Following a jury verdict in plaintiffs favor for breach of contract, fraud and interference with prospective economic advantage, the court entered a judgment against defendants, including compensatory and punitive damages and costs, in excess of $3 million. 3 Defendants appealed the judgment.

In order to stay enforcement of the judgment, defendants filed two undertakings, one by Kimberly Williams, the wife of Dale Williams, and another *769 by David and Norma Rittenhouse. Kimberly Williams’s undertaking and declaration stated her net worth was $6,499,711. The combined net worth relied on by the Rittenhouses for their undertaking was $155,931.

Plaintiff objected to the undertaking on several grounds arguing Kimberly Williams could not qualify as a personal surety because she was Dale Williams’s wife and because her apparent net worth was a sham, resulting from a fraudulent transfer. Plaintiff further argued that each of the sureties had to be “sufficient,” i.e., demonstrate a net worth of twice the amount of the judgment. Plaintiff also pointed out numerous technical defects in the undertakings. Plaintiff belatedly argued in a reply brief that, if Dale Williams wished to use his own assets to stay enforcement of the judgment, he was required to post cash or its equivalent in liquid assets.

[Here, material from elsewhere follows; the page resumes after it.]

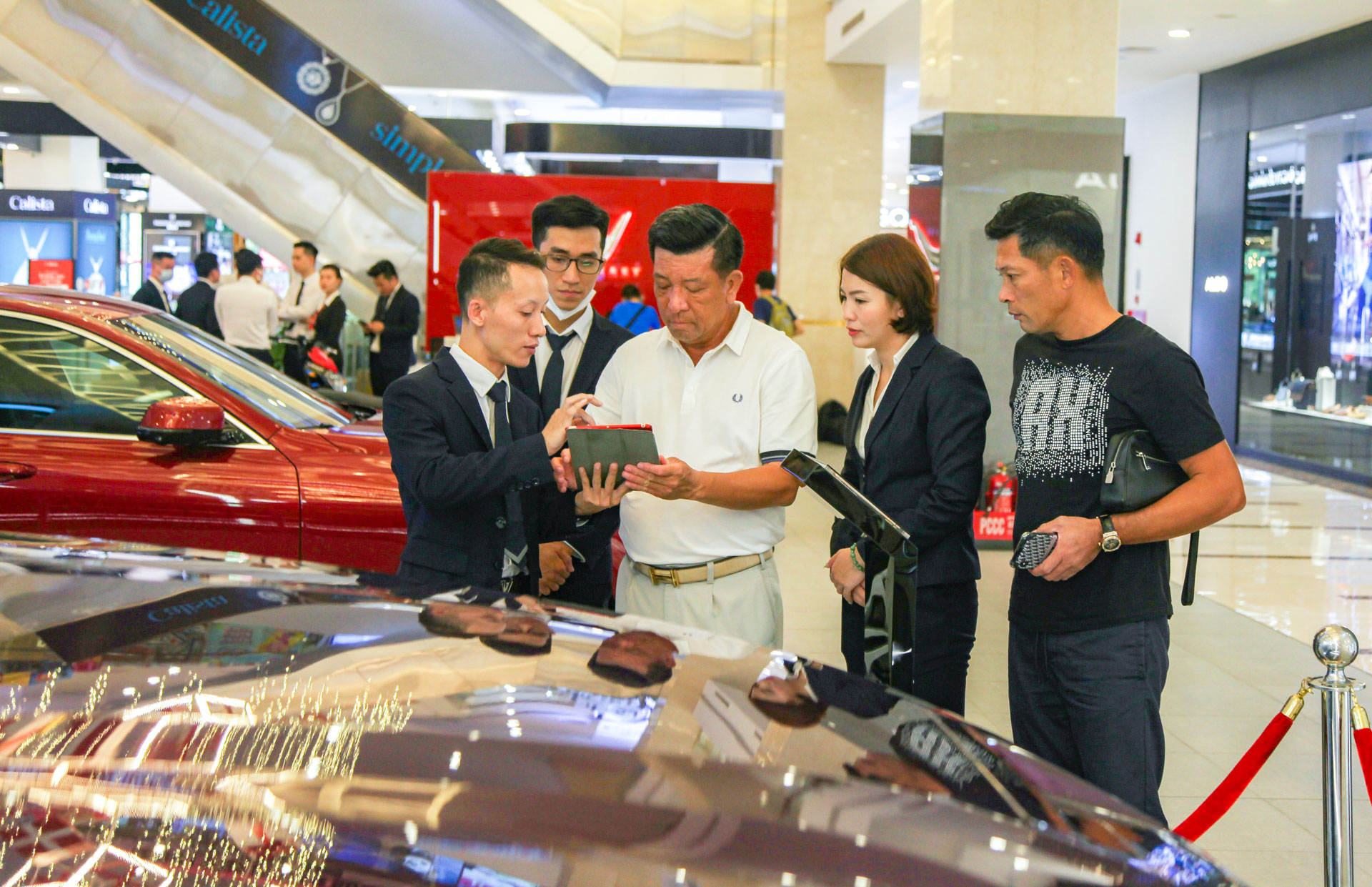 Cùng thời điểm, các nhân viên của showroom Đồng Khởi (Vincom Đồng Khởi, TP.HCM) đã có một ngày làm việc vất vả khi rất đông khách quan tâm, tìm hiểu chiếc VinFast President. Một trong những điểm nhấn của VinFast President là trang bị động cơ V8 6.2L với công suất tối đa 420 mã lực, mô-men xoắn cực đại 624 Nm, kết hợp cùng hộp số tự động 8 cấp và hệ dẫn động 4 bánh toàn thời gian, giúp xe có khả năng tăng tốc 0-100 km/h chỉ trong 6,8 giây.

Declarations and exhibits attached to the moving and opposition papers established Dale Williams and Kimberly Williams had entered into both pre- and postnuptial agreements in order to maintain their respective property interests, with few exceptions, as separate property. Following entry of judgment, Dale Williams transferred his separate property interest in three limited partnerships to Kimberly Williams as her separate property. In the opposition to plaintiff’s motion, defendants admit the purpose of the transfer was “to provide Kimberly Williams with sufficient separate property to act as surety.” Kimberly Williams and the Rittenhouses then posted an undertaking as personal sureties to stay enforcement of the judgment. Prior to the transfer of assets worth approximately $6.5 million to Kimberly Williams, Dale Williams had a net worth in excess of $33 million.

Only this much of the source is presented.